Have I misunderstood your question?

Dr. Jonathan Bryan

 

Marko Asks PERM:

Hi,

Thank you for a quick response. Obviously I didn’t make my question clear enough but I think you’ve already answered my question.

Anyway, I would like to know what viscosities of oil and water should I target for unsteady-state relative permeability test under the room conditions, what is the recommended practice for that transfer from reservoir to room pressure and temperature where there is no gas dissolved in the oil?

For this oil field of mine, I have the oil and water viscosities at reservoir pressure and temperature which are 8.5 and 0.56 cP respectively. If I prepare the synthetic water with the right salinity I get the viscosity value somewhere around 1 cP on room temperature. So what seems right to me is to take that 1 cP water and 15.2 cP (15.2=8.5/0.56) for the mineral oil viscosity, thus keeping the same viscosity ratio as it’s in the reservoir.

My colleague wanted to use 1 cP for synthetic water viscosity which is equal to the brine viscosity on room temperature but also wanted to match the viscosity of mineral oil for the unsteady-state test with the viscosity of the dead (stocktank) oil which would be around 100 cP. So that way you don’t get the water/oil viscosity ratio as it is in the reservoir and as you said, I would soon get water cut and Sor value too low.

Best regards,

Marko

 

Dr. Jonathan Bryan from PERM Answers:

Hello,

You are right to be concerned about this!  If you think that your reservoir viscosity ratio is 15.2, but you are running at test with viscosity ratio of 100, then yes your results may not be correct.  So probably your approach would be better.  But also maybe consider the impact of heat: is it that your reservoir temperature is around 100 – 120°C, in order for your water viscosity to be only 0.5 cP?  If so, what is the viscosity of your dead oil at that temperature?  If you were to run the test at your reservoir temperature, how close is your viscosity ratio?

Dr. Jonathan Bryan

 

Marko Asks PERM:

Hi,

Thank you all for your interest. I was waiting for the viscosity data so I can replay to you.

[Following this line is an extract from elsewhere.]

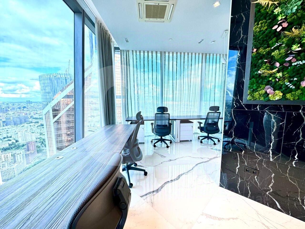 Решение под ключ. Предлагаем в аренду видовой офис площадью 161 кв.м. на 68 этаже. Угловое мебелированное помещение идеально подходит для статусной компании численностью 10-15 сотрудников.

But also maybe consider the impact of heat: is it that your reservoir temperature is around 100 – 120°C, in order for your water viscosity to be only 0.5 cP?  If so, what is the viscosity of your dead oil at that temperature?  If you were to run the test at your reservoir temperature, how close is your viscosity ratio?

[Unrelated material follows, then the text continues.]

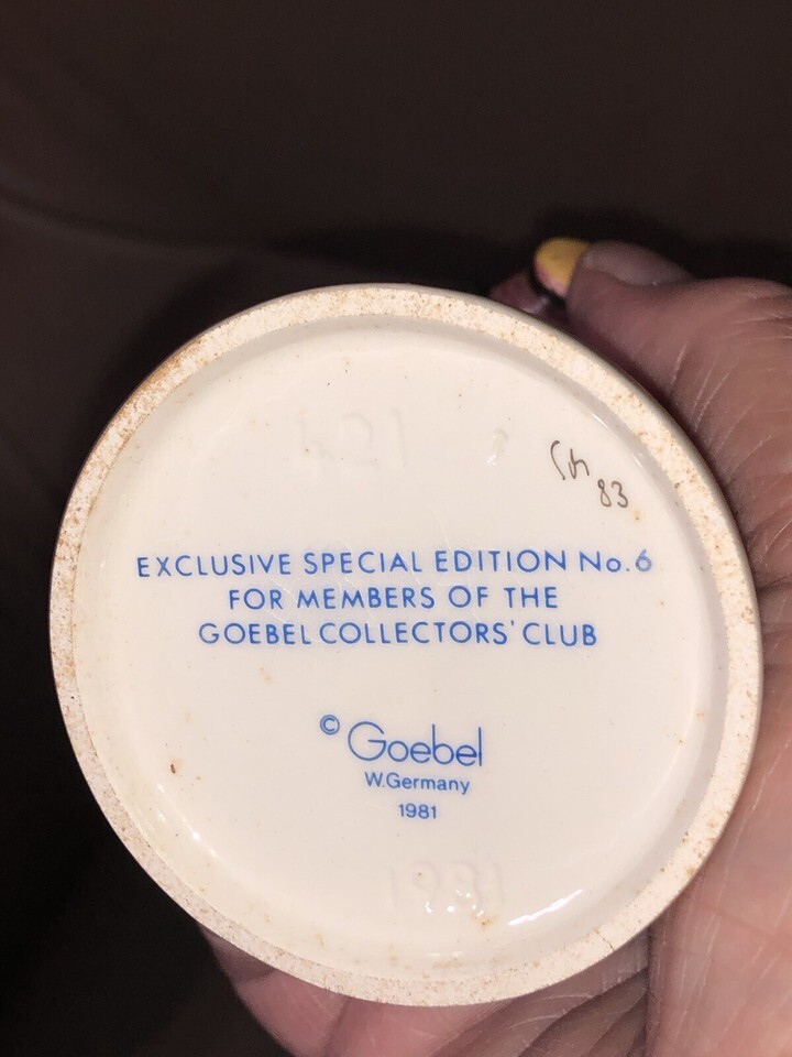 The figurine is signed and comes from a collection of Hummel and Goebel figurines. It is an original piece and was made in Germany. The figurine is perfect for collectors of decorative sculptures and figurines, and would make a great addition to any home decor.

Reservoir temperature is about 55 °C. Water salinity is about 10 g NaCl per liter which gives viscosity of about 0.5 cP on 55 °C. Dead oil viscosity at reservoir temperature is about 16 cP. So if I could run the test at reservoir temperature I would get viscosity ratio of around 32 (16/0.5=32), which is double in compare to the real reservoir viscosity ratio which is 16 (8/0.5=16).

That’s why I would like to use mineral oil and synthetic water with viscosity ratio of 16 when measuring on room temperature, thus keeping the same reservoir viscosity ratio.

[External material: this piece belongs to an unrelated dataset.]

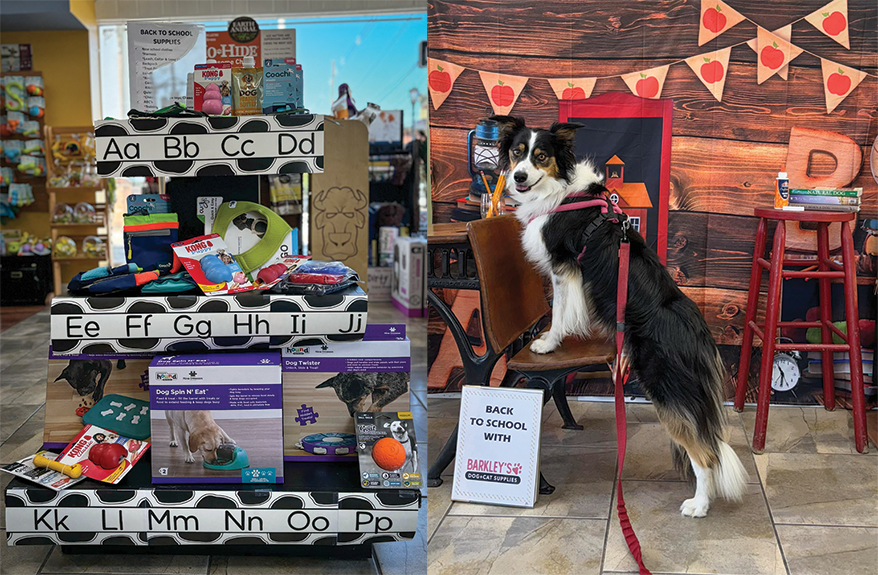 1 It’s BACK TO SCHOOL time! Pets can take part, too, as Barkley’s Marketplace in Flemington, NJ, proved in 2024. A themed product display featured a School Supplies list complete with New Clothes (collar, harness and leash) and ABCs (training tools), plus items for the Backpack and Lunch Box (treats and food) and for Quiet Time (puzzle toys and chews). Fun black-and-white alphabet strips lined the shelves. Nearby, a photo set let pups get their class pics! Bonus: Michele Saharic scored treat sponsorships for the very good boys and girls smiling for the camera.

Many thanks to Dr. Jon Bryan and best regards,

Best regards,

Marko

 

Dr. Jonathan Bryan from PERM Answers:

Hello,

Yes, this seems like a good approach in terms of the viscosity.  But unfortunately, there is one more piece of the puzzle.  The one last thing to think about is the wettability of the rock.  If you work with a mineral oil system I assume this means that you will clean your cores of their native state fluids, then flood with water and then oil.  In general, mineral oil will give you a strongly water wet rock; there is likely nothing in the oil itself that will alter wettability.  So if you know that your reservoir is already strongly water wet, then you are okay working with a model oil.  But if you suspect that there are some oil/rock interactions that would affect the wettability of your reservoir, then you are better off working with your actual reservoir oil and brine, and playing with temperatures.

*NOTE: This assumes that you are working on a specific reservoir, which is what I gleaned from your comments.  If your goal is to look at the effect of adverse mobility ratio alone just in a general sense, then you are okay working with the model oil.  But if your goal is to measure oil/water relative permeability specifically for your actual reservoir, then you may be better off working with the real fluids.